___ Input records ___
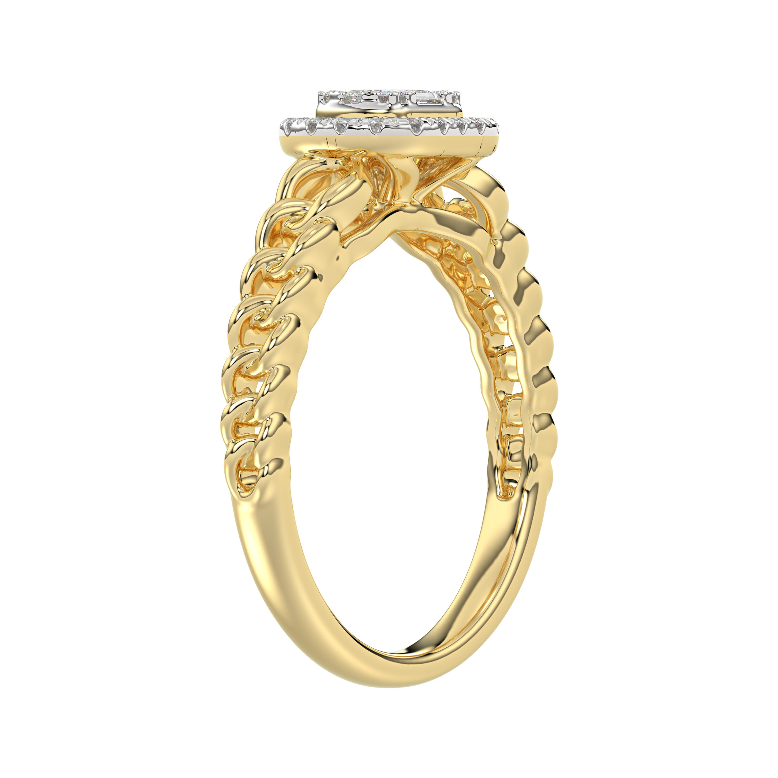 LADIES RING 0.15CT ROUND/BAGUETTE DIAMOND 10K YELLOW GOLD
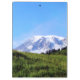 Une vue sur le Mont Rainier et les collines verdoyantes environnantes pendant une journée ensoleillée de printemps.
___
___ Input records ___
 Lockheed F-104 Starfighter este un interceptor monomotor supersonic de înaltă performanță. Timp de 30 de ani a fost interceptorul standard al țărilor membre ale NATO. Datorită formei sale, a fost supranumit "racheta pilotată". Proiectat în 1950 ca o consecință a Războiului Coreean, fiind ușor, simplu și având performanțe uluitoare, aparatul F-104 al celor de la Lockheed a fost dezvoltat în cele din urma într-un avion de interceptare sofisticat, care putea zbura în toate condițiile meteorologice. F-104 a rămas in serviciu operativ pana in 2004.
___
___ Input records ___
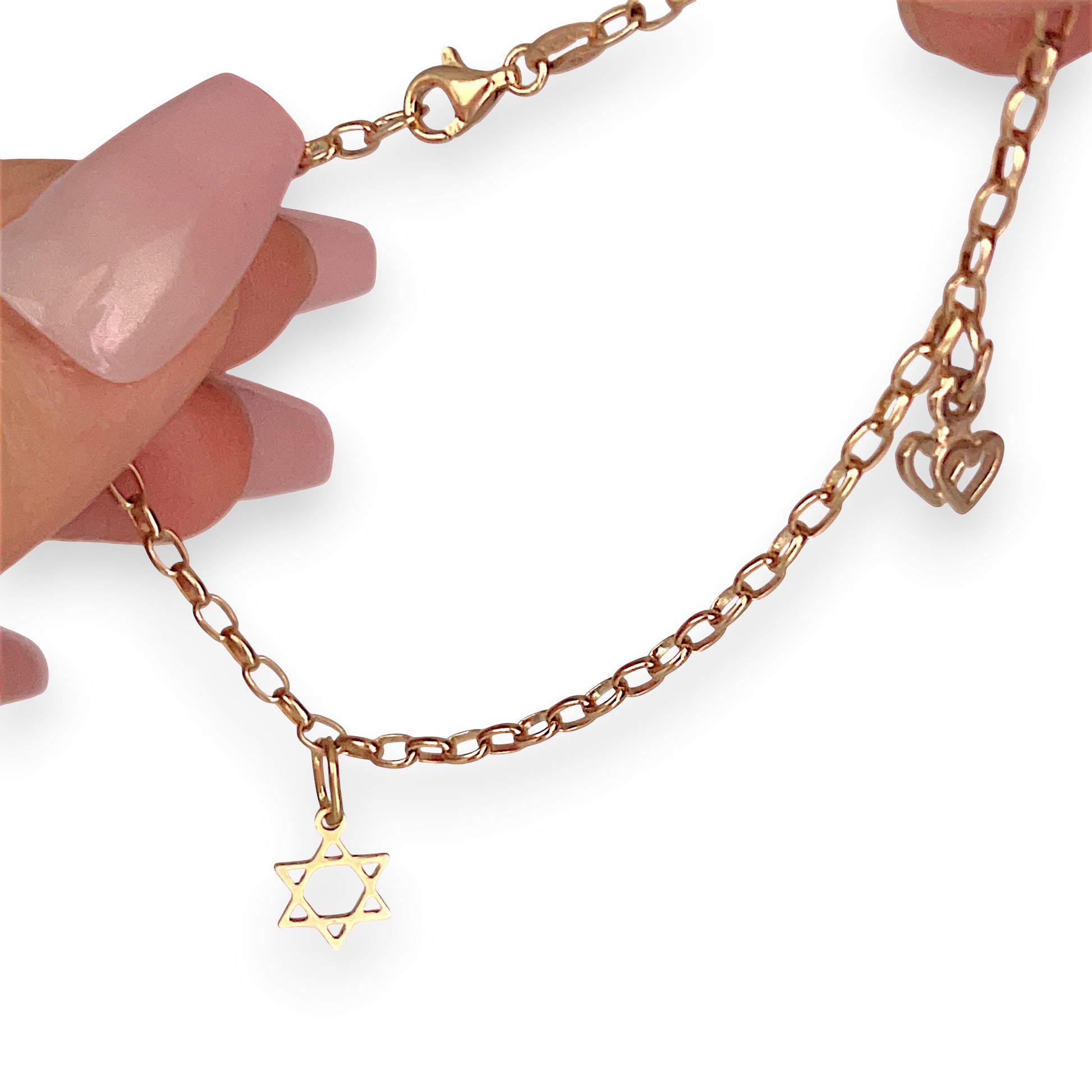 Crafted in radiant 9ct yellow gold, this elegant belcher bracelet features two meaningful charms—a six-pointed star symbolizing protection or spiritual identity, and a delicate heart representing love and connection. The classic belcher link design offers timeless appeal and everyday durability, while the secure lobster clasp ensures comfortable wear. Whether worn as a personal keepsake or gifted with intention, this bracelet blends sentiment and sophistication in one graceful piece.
___
Take only the lines above from the one that has "LADIES RING 0.15CT" through the one that has "Une vue sur" and reproduce them exactly, omitting any pictures.

 LADIES RING 0.15CT ROUND/BAGUETTE DIAMOND 10K YELLOW GOLD
 Une vue sur le Mont Rainier et les collines verdoyantes environnantes pendant une journée ensoleillée de printemps.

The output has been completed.